There are nerves that help to turn on the muscles around the ankle and also help with the ability to feel around the lower leg and ankle. This starts with the sciatic nerve that originates in the back and divides into different nerves as it moves down the leg. These smaller nerves include the tibial nerve, sural nerve, common fibular nerve, superficial fibular nerve, and the deep fibular nerve. The tibial nerve turns on the muscles in the posterior or back compartment of the lower leg and ankle, including the calf muscles. The sural nerve provides feeling to the backside and outside aspects of the lower leg and foot. The common fibular nerve provides feeling to the outside of the back of the leg. The superficial fibular nerve provides feeling to the outside of the front of the shin and top of the foot.

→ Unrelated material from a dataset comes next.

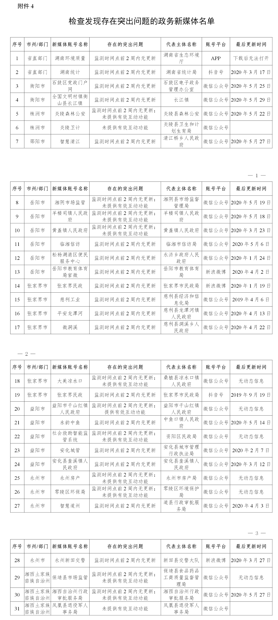 4.检查发现存在突出问题的政务新媒体名单

It also turns on the fibularis and fibularis brevis muscles. Finally, the deep fibular nerve turns on the muscles in the anterior or front compartment of the ankle. This is the muscle that is associated with a condition called drop foot which is when you are unable to bring your toes up which affects walking. Because these muscles are divisions of the sciatic nerve, this is why a back injury can cause issues down the leg even into the foot and ankle. These issues can include both sensory or feeling changes like numbness, tingling, or burning as well as motor or muscle changes like weakness.